For the Spinach Pesto: 3 cups baby spinach leaves, 1/4 cup pine nuts (or walnuts), 2 tsp. minced garlic, 1/3 cup grated Parmesan cheese, 1/3 cup olive oil, 1/4 cup lemon juice, sea salt, and pepper to taste.
Serves 4.
1. Preheat the oven to 400* F. Line a baking sheet with parchment paper.
2. Place chopped butternut squash on the baking sheet, drizzle with olive oil, then season with salt, pepper, and basil. Slice the top off of the head of garlic (not the stem end) and drizzle with a bit of olive oil. Wrap in foil and place on the baking sheet with the squash.

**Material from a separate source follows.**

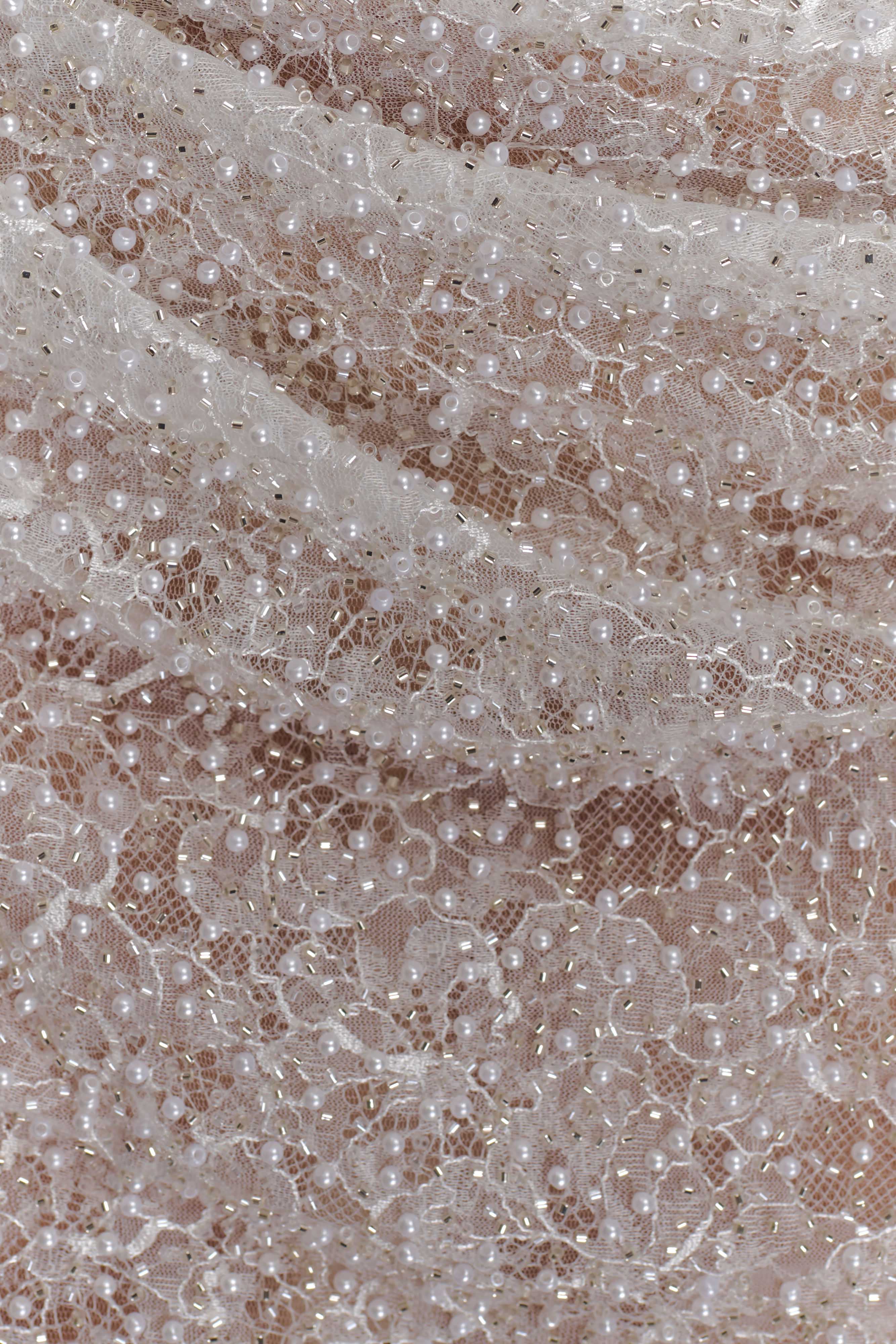 The CONNIE Beaded Bodycon Mini Dress is crafted for statement-making elegance. Designed with a V-detail neckline and versatile multi-wear straps—styled on or off the shoulder—it offers endless ways to make it your own. Gathering at the bust adds softness, while a boned waist panel sculpts the silhouette above a draped mini skirt. Cut from pearl-beaded fabrication with a semi-sheer finish and fully lined for comfort, Connie is your show-stopping choice for evenings that call for shimmer and sophistication.

2. Roast the squash for 30 minutes or until fork tender and caramelized. Remove the squash to a blender. Unwrap the garlic (give it a minute or two to cool), then squeeze the soft cloves directly into the blender. Add the coconut milk and chicken stock and blitz until smooth.
3. Pour the soup into a deep saucepan and heat over a simmer for 10-15 minutes, seasoning to taste with salt and pepper.
4. Meanwhile, make the Spinach Pesto: first, blend the spinach and nuts in a food processor until finely chopped. Add the oil, lemon juice, garlic, and Parmesan cheese and continue to process until smooth, about a minute or so.
5. Serve the soup by ladling it into bowls, adding a few dollops of pesto over the top, and swirling it in.
TIPS:
If you use fresh butternut squash, buy a large one. Peel it with a vegetable peeler to remove the tough skin. Cut the ends off, stand it upright, and halve it lengthwise. Scape out the seeds, then proceed with chopping into two-inch pieces.
To make the soup extra-savory: add 1 small quartered onion to the baking sheet with the squash.